Chatbots are a great way to help your users accomplish simple tasks in a friendly, conversational manner. Let’s look at how to build a simple flow that responds to incoming text messages and chats with your users to help them order a coffee.
We’ll start with a fresh Twilio Studio flow; log into your Twilio account and navigate to the Studio Dashboard, then tap the + icon to create a new flow. You can name your flow anything you like; we’re calling ours Barista Bot.
You’ll notice that the canvas comes with a widget already in place -- that’s the Trigger widget, which kicks off our flow when the trigger we specify is fired. In this case, our trigger is going to be an incoming message, since we want users who text our number to reach the chatbot.
We’ll start by dragging a Send & Wait For Reply widget onto the canvas, and connecting it to the Incoming Message trigger by dragging the red dot to the grey dot in the corner of the new widget. We can use this widget to send an SMS to the user with a prompt to reply to. In this case, we’re going to ask the user what kind of coffee they’d like to order, and expect that they’ll reply with one of the options specified.
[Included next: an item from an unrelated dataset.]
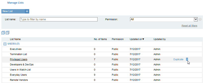 If the List is currently being used by at least one alert rule, you will receive a message displaying the names of the rule(s) that are being used, and you will be unable to delete the List.

We want to make sure our user gets a coffee from our list, so we’ll need to use a Split Based On… widget to distinguish valid inputs from other messages. First, we’ll set the variable to test in the right sidebar. Find the Send & Wait For Reply widget in the dropdown, and select
inbound.Body from the list to capture the reply to your prompt.
Next, we’ll need to declare the choices we’re looking for in those responses -- latte, cappuccino, americano, cortado, and cold brew. Tap the red New at the bottom of the Split widget to reveal the Transition On… dropdown menu. Select Condition Matches to create a new Transition.
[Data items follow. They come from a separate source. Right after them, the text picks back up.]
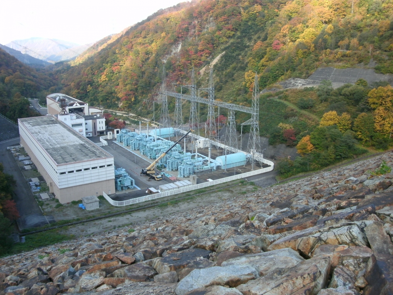 「二居ダム 」は発電を目的とした、堤高87m、堤頂長280mのロックフィル式ダムです。
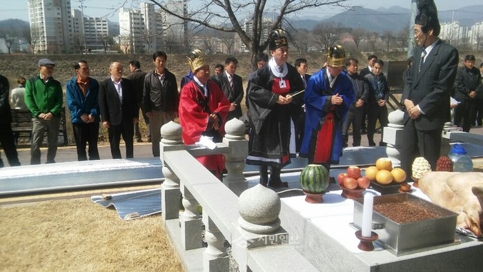 최근 경기 가평군 가평읍사무소는 보납산 가평읍민안녕산천제단에서 지역내 기관·사회단체장, 이장, 새마을관계자 주민 등 100여명이 참석한 가운데 읍민의 화합과 안녕, 번영을 기원하는 제7회 가평읍민 안녕기원제를 봉행했다. 사진은 관계자들이 제사를 진행하고 있는 모습.(사진제공=가평군청)
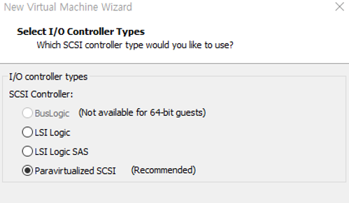 - I/O Controller 설정, Paravirtualized SCSI 체크(반가상화)

In the right sidebar, find the new Transition that you just created, and select Matches Any Of from the dropdown. We’re going to set this value to latte, cappuccino, americano, cortado, cold brew to include all of our coffee options. Save the new transition and it will appear on the widget.
If the user enters something that the bot recognizes (one of our five drinks), we should send a request to our barista system so the order can be completed. The HTTP Request widget will help us do this; simply drag one of these widgets onto the canvas and connect it to the Transition you just created.
Set the request type to POST, and enter your endpoint as the Request URL (in this sample, we’re using
http://example.com/orders, but you’ll have something different here). You can also add a parameter to the order, which we’ll do in the right sidebar. Scroll down to the section for HTTP Parameters, and create a field called
drink. The value can then be set to the same variable we’re checking in our split above:
order_prompt matches the name of your initial prompt widget). You can also format the Request Body however best suits your API, and customize the Request Timeout.
Once the request goes out to our barista API, we’re all set! Our user will get the coffee they ordered, all from a pretty simple interaction.
But what if the user doesn’t enter one of our five coffee choices? We still want to help them out. Sometimes the best solution is for the chatbot to hand things off to a human. If the user enters something that isn’t on our list, let’s offer to give them a phone call so the barista can get the order directly. We’ll drag another Send & Wait For Reply widget onto the canvas, and this time connect it to the No Matches condition on our Split widget.
For the message prompt, we’ll put “We want to make sure you get your coffee, even if we're not quite sure how you take it. We'll connect you to a barista directly - is now a good time to call?” Another Split widget will help us handle the user’s response here -- if they type “Y” or “yes” we can make the call to the barista. Let’s drag the widget onto the canvas and select the inbound.Body of our latest Send & Wait For Reply as the variable to test, then create our conditions.
From here, we can drag a Make Outgoing Call widget onto the canvas and connect it to our ‘yes’ condition. Studio will trigger an outbound call from the flow to the user so they can speak with a barista.
Once the user picks up, we’ll use a Say/Play widget to announce that we’re connecting them to the barista, and then a Connect Call To widget to connect them once the message is finished playing. Drag these widgets onto the canvas and connect the dots.
The final state of the canvas is that we have our Trigger widget take an incoming message, connect to a Send & Wait For Reply widget, then to a Split Based On… widget, with transitions to either an HTTP Request (successful order) or another Send & Wait For Reply (unsuccessful order). This second Send & Wait For Reply connects to a Split Based On… widget, which ultimately leads to a Make Outgoing Call widget which calls the the user from the bot, a Say/Play which announces the connection, and a Connect Call To widget which connects the user to the barista by voice.
After we’ve saved and published the flow, the last thing to do is hook up our flow to a phone number! In the Twilio console, select Manage Numbers and choose the phone number that you would like to connect to your chatbot.
Scroll down to the section for Messaging, then select Studio Flow from the first dropdown and Barista Bot (or whatever you’ve named your flow) from the second dropdown. Click save, and you’re all set!
Congratulations! You’ve made a chatbot that is smart enough to route a coffee order to a barista system, or to hand off to a human if things get tricky. What other chatbots will you build next?